--- Exercise materials ---
■ ■ ■ ■ ■
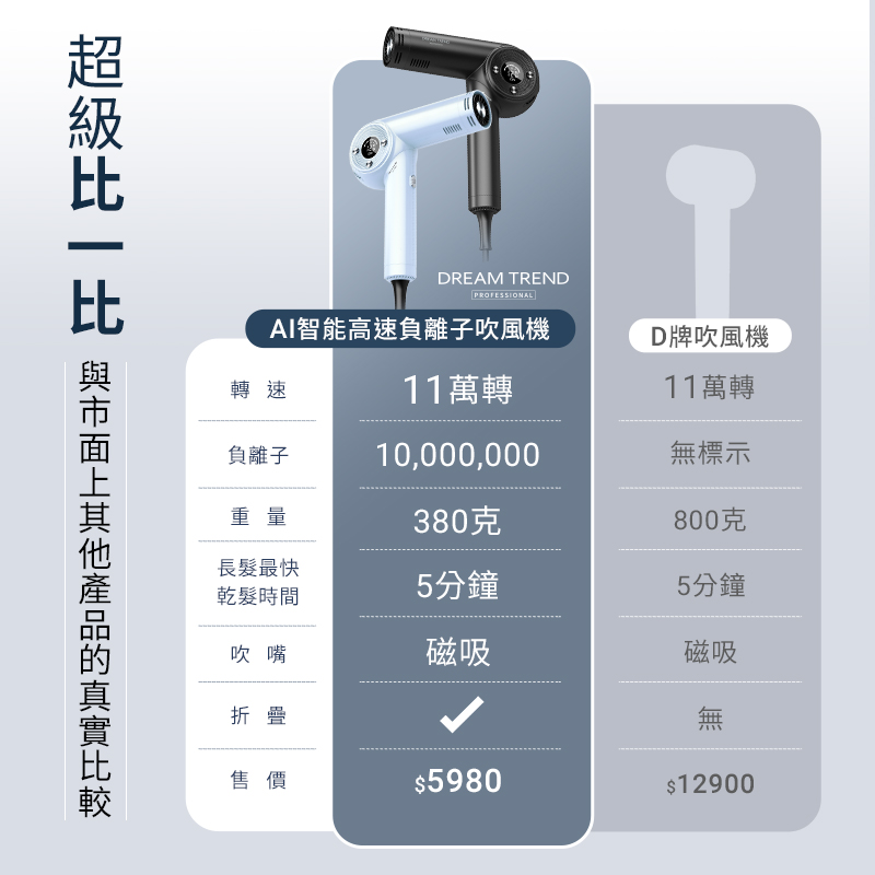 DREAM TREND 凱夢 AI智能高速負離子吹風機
■ ■ ■ ■ ■
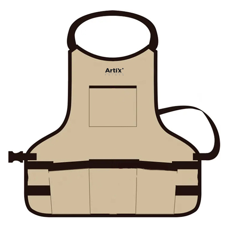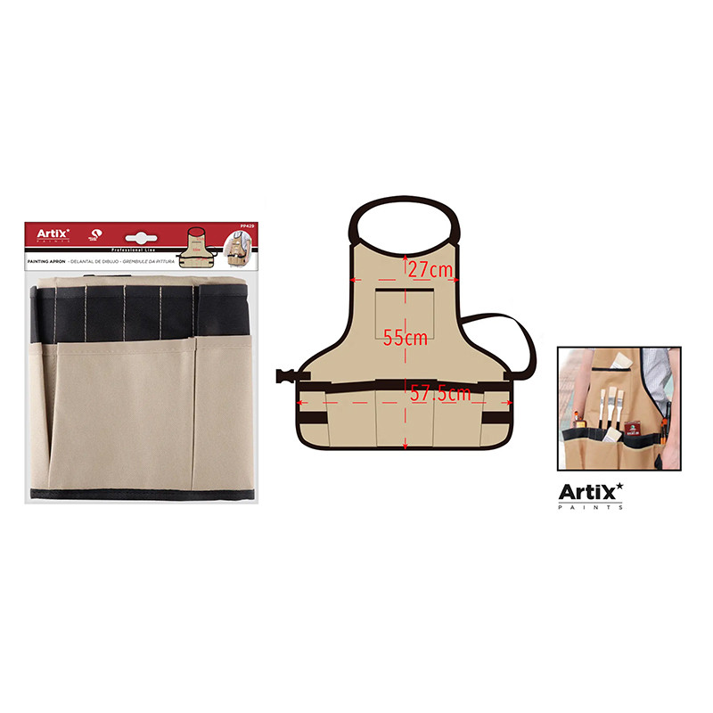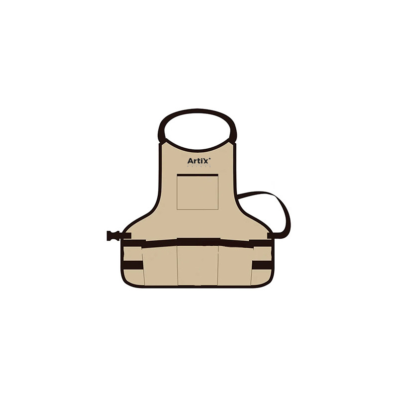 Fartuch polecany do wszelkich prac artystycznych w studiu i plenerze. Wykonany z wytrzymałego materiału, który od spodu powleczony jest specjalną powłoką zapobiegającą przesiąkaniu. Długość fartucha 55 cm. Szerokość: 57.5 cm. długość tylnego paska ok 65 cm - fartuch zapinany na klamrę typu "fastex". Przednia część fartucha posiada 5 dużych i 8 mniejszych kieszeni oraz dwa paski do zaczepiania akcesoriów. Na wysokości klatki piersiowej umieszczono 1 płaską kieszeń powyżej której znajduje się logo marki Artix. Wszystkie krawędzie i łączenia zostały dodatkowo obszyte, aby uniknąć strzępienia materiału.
■ ■ ■ ■ ■
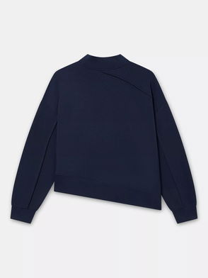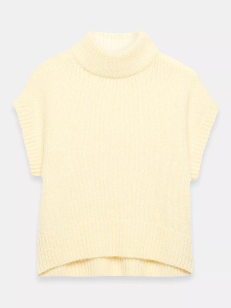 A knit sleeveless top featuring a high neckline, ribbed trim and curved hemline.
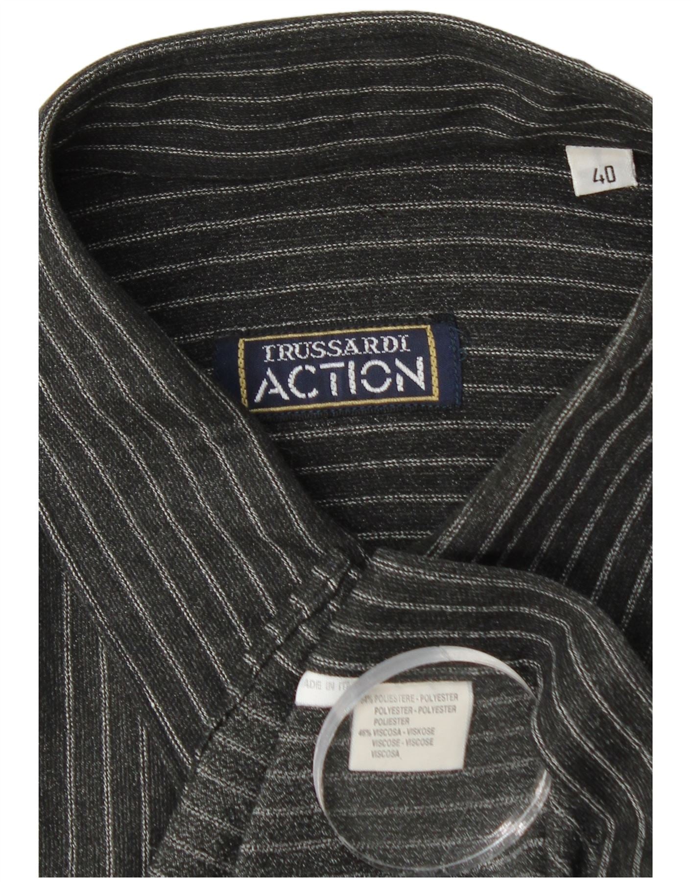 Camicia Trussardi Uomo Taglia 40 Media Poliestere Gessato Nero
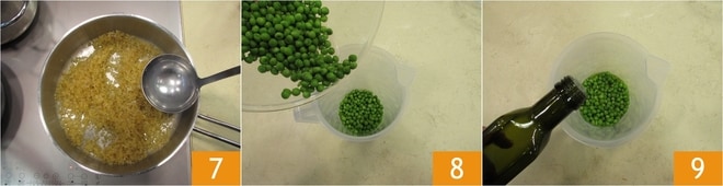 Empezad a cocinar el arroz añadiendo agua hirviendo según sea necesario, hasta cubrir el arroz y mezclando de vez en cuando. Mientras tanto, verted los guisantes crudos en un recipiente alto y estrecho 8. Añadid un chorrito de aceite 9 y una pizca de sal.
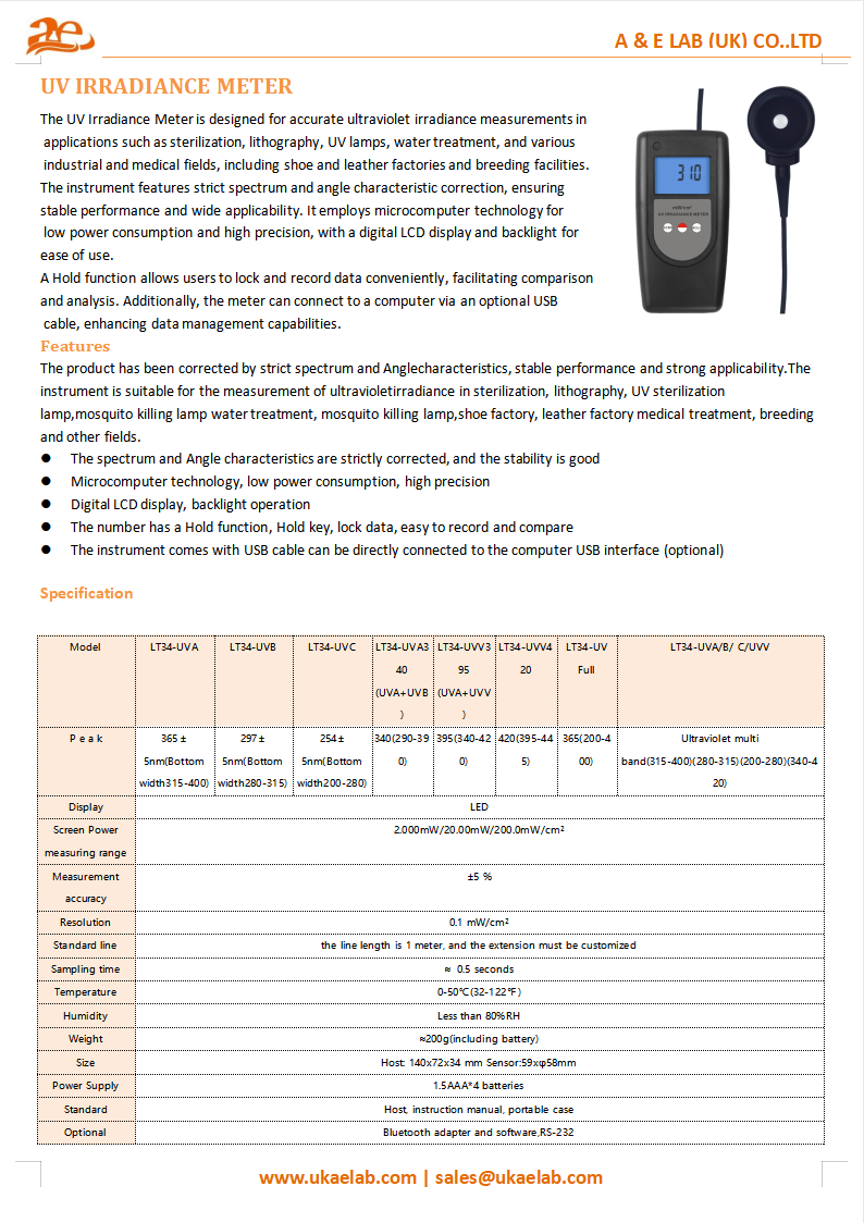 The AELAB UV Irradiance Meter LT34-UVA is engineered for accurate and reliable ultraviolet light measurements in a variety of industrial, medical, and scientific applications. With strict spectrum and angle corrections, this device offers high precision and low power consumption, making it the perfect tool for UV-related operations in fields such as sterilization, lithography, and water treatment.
■ ■ ■ ■ ■
--- Try it ---
A clean copy is needed of the lines in the listing above from the one with "Empezad a cocinar" through the one with "The AELAB UV", exact in every word and free of pictures.

--- Expected output ---
 Empezad a cocinar el arroz añadiendo agua hirviendo según sea necesario, hasta cubrir el arroz y mezclando de vez en cuando. Mientras tanto, verted los guisantes crudos en un recipiente alto y estrecho 8. Añadid un chorrito de aceite 9 y una pizca de sal.
 The AELAB UV Irradiance Meter LT34-UVA is engineered for accurate and reliable ultraviolet light measurements in a variety of industrial, medical, and scientific applications. With strict spectrum and angle corrections, this device offers high precision and low power consumption, making it the perfect tool for UV-related operations in fields such as sterilization, lithography, and water treatment.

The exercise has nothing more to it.